Both apply only to 2-D weight matrices (q/k/v/o/gate/up/down projections). Embeddings, lm_head, biases, and RMSNorm weights stay in APOLLO's unprojected parameter group.

These follow the APOLLO paper §5 and the LLaMA-Factory examples/extras/apollo recipe. Authoritative per-model defaults live in model_registry.py (CLI: --registry-key). The table here mirrors the registry and is regenerated from it; if they disagree the registry wins.

registry keyoptimizerrankscalemicro_batchgrad_accumseq_lentier
qwen3.5-0.8bapollo_mini128128.0184096local
qwen3.5-2bapollo_mini256128.01168192local
qwen3.5-4bapollo_mini256128.01164096local
qwen3.5-4bapollo5121.02816384workstation
qwen3.5-4bapollo_mini512128.01865536cloud (FSDP)

--apollo-update-proj-gap 200 is a reasonable default at every size. The projector is re-randomized every 200 steps; lower it (50–100) for very short runs (<1k steps) and raise it (400–500) for long pretraining-style schedules.

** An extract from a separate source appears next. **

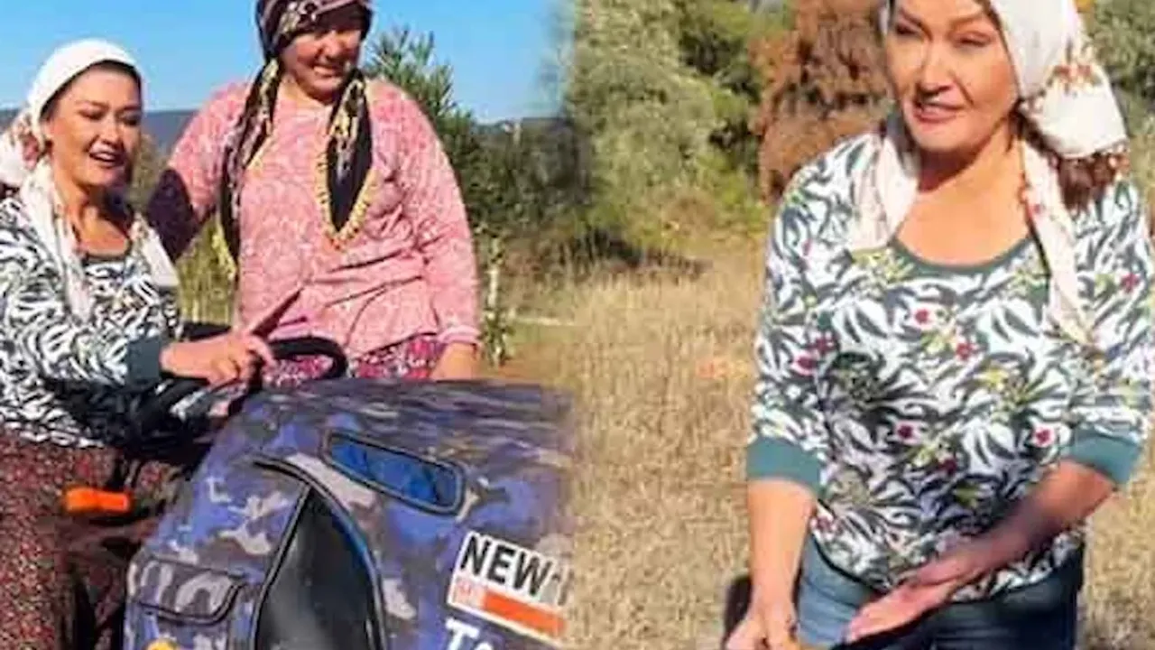 Oyuncu, ttraktör sürdüğü, elektrikli testereyle çalıştığı ve zeytin hasadına katıldığı anları "Çalışıyoz gariii" notuyla yayımladı.

Overriding seq_len per run

Registry seq_len values are defaults, not ceilings. Pass --max-seq-len to scripts/train_local.py (and the same flag is forwarded by scripts/run_pipeline.py) to override the registry default for one run:

bash
# Long-context 4B experiment — registry default is 64k, push to 128k
# after validating with memory_calc.py first.
uv run --extra train python3 scripts/training/memory_calc.py \
    --shape qwen3.5-4b
uv run --extra train python3 scripts/train_local.py \
    --registry-key qwen3.5-4b \
    --max-seq-len 131072 \
    --full-finetune --epochs 1

The 4B default was lowered from 147k to 64k (gap M35) because the 147k budget left only ~1% headroom on a 2× Blackwell 6000 cluster and ~6% on 2× H200 — one activation spike OOMed the run. 64k is the conservative default; long-context runs are now an explicit per-run opt-in.

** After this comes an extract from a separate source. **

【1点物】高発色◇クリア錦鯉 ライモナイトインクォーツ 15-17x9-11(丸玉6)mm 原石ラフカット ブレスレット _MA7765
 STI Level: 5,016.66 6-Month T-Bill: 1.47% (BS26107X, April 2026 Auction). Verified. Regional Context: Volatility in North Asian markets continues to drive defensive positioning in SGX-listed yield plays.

CLI — launching SFT with APOLLO

The simplest way is to use the model registry key — it pulls batch size, gradient accumulation, sequence length, optimizer rank, and memory budget from model_registry.py:

bash
uv run --extra train python3 scripts/train_local.py \
    --registry-key qwen3.5-2b \
    --full-finetune --epochs 3 --lr 2e-5 \
    --run-name qwen35-2b-apollo-v1

Or pass everything by hand:

bash
uv run --extra train python3 scripts/train_local.py \
    --model Qwen/Qwen3.5-2B \
    --full-finetune \
    --epochs 3 --batch-size 1 --grad-accum 16 \
    --lr 2e-5 --max-seq-len 2048 \
    --run-name qwen35-2b-apollo-v1

To run APOLLO-Mini (smallest optimizer state — used for the local-tier 2B and the cloud-tier 4B at long sequence lengths):

bash
uv run --extra train python3 scripts/train_local.py \
    --model Qwen/Qwen3.5-2B \
    --full-finetune --optimizer apollo_mini \
    --epochs 3 --batch-size 4 --grad-accum 8 \
    --lr 2e-5 --max-seq-len 4096 \
    --run-name qwen35-2b-apollo-mini-v1

This local pipeline is full-parameter APOLLO/APOLLO-Mini only.

Validation

test_apollo.py loads Qwen/Qwen3.5-0.8B on the local GPU, runs a single training step with APOLLO and APOLLO-Mini on real records from data/final/train.jsonl, and asserts that the APOLLO projector is active.

bash
PYTORCH_CUDA_ALLOC_CONF=expandable_segments:True \
    uv run --extra train python3 scripts/training/test_apollo.py

APOLLO-Mini must report less optimizer state than full APOLLO; otherwise the rank-1 projector path is not engaged.